The Shallows

Reading Nicholas Carr’s The Shallows has been an interesting experience for me because I can identify with what he writes about. I first started using a computer when I was about eight years old, and in retrospect, I must admit that computers and the Internet have changed the way I think and live. I used to be an avid reader of physical books, but once I got my hands on the Internet I became hooked and basically stopped reading altogether. I guess I would now classify myself as a “marginal reader,” because I skim things and probably miss out on a lot of valuable information. Nevertheless, I feel like the Internet is more useful and life-changing than any book will ever be.

Even though Carr consistently “disses” the Internet, it’s hard to argue that the Internet essentially took the world and made it into one small community. Thanks to the Internet, we can now stay in constant contact with friends, relatives or even strangers regardless of whether they are across the country or across the globe. In my opinion, the Internet provides a channel for people to live and enjoy life together. About a year ago, I saw a story on the news that compared the divorce rate for World War II soldiers with the divorce rate for soldiers in Iraq. The story claimed that World War II soldiers got divorced three times more often than U.S. soldiers in Iraq. The reason for this dramatically lower divorce rate (according to a university study), is the Internet.

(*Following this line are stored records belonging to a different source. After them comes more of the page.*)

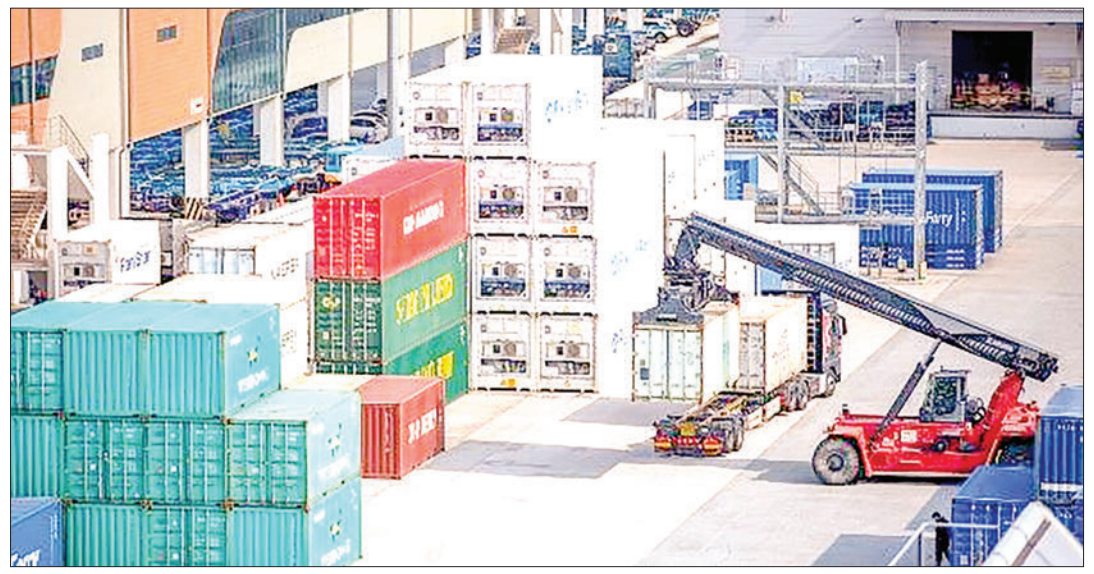
This photo taken on 7 March 2023 shows a container yard at the port of Busan, South Korea. The port of Busan is the largest seaport in the country.

South Korea achieved a current account surplus for the seventh consecutive month, driven by export recovery, with a surplus of US$ 4.06 billion in November 2023, as reported by the Bank of Korea.
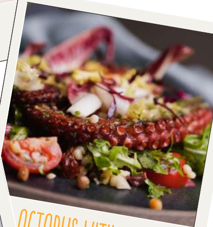
OCTOPUS WITH FREGOLA
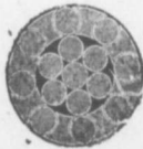
Locked Coil Aerial Cable or Colliery Guide.
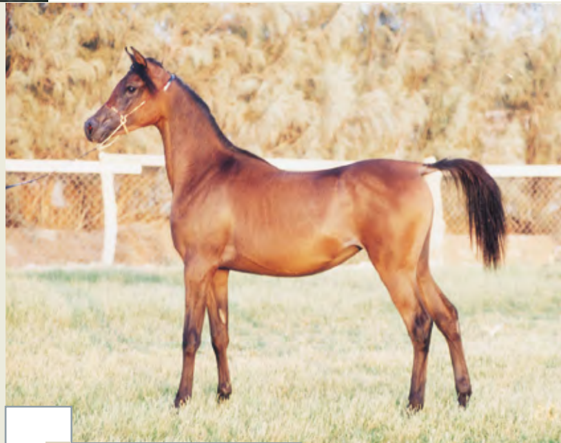
A typical young female with an attachment of her neck on the shoulder and at the “mitbah”

The upper side of the neck should connect at its lower end to a wither; a smooth line from the neck directly into the back is undesired. And finally, again the sex appeal: a stronger well-arched stallion-neck, proudly carried and maybe even broader and in contrast a leaner, finer and more straight neck of a female.
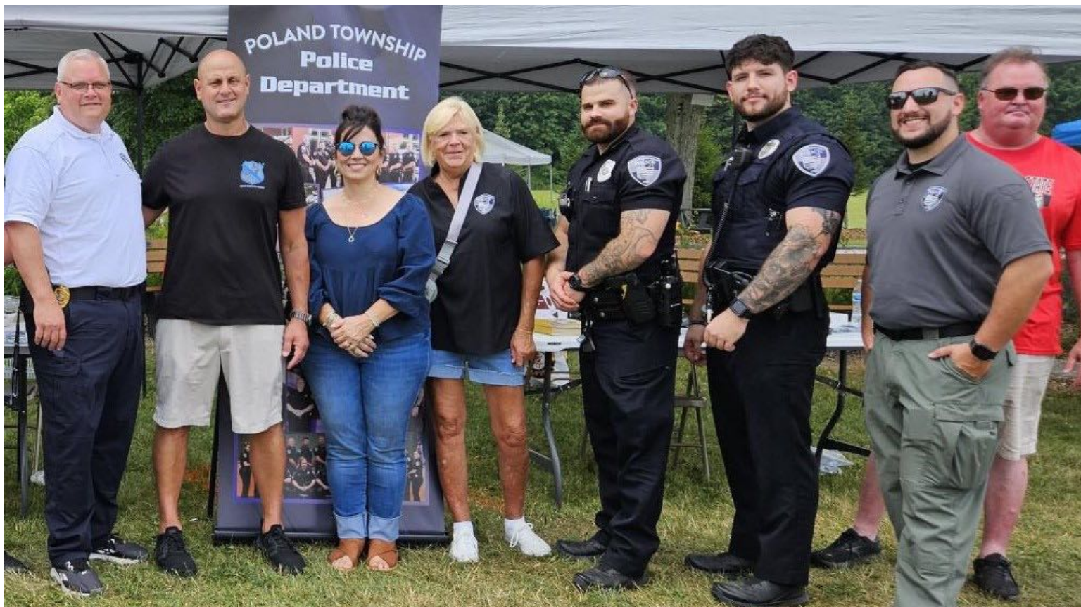
Our Trustees and Officers at the Poland Safety Forces Appreciation Picnic at the Poland Township

Thanks to the Internet, soldiers in Iraq are now able to do things like Facebook and Skype their spouse, and this fosters stronger long-distance relationships that are less prone to divorce.

One of my favorite songs (called “Swing Life Away” by Rise Against) has the following line: “Are we getting closer, or are we just getting more lost?” Even though I love the Internet, Carr has forced me to wonder: IS the Internet bringing us closer, or IS it just getting us more lost?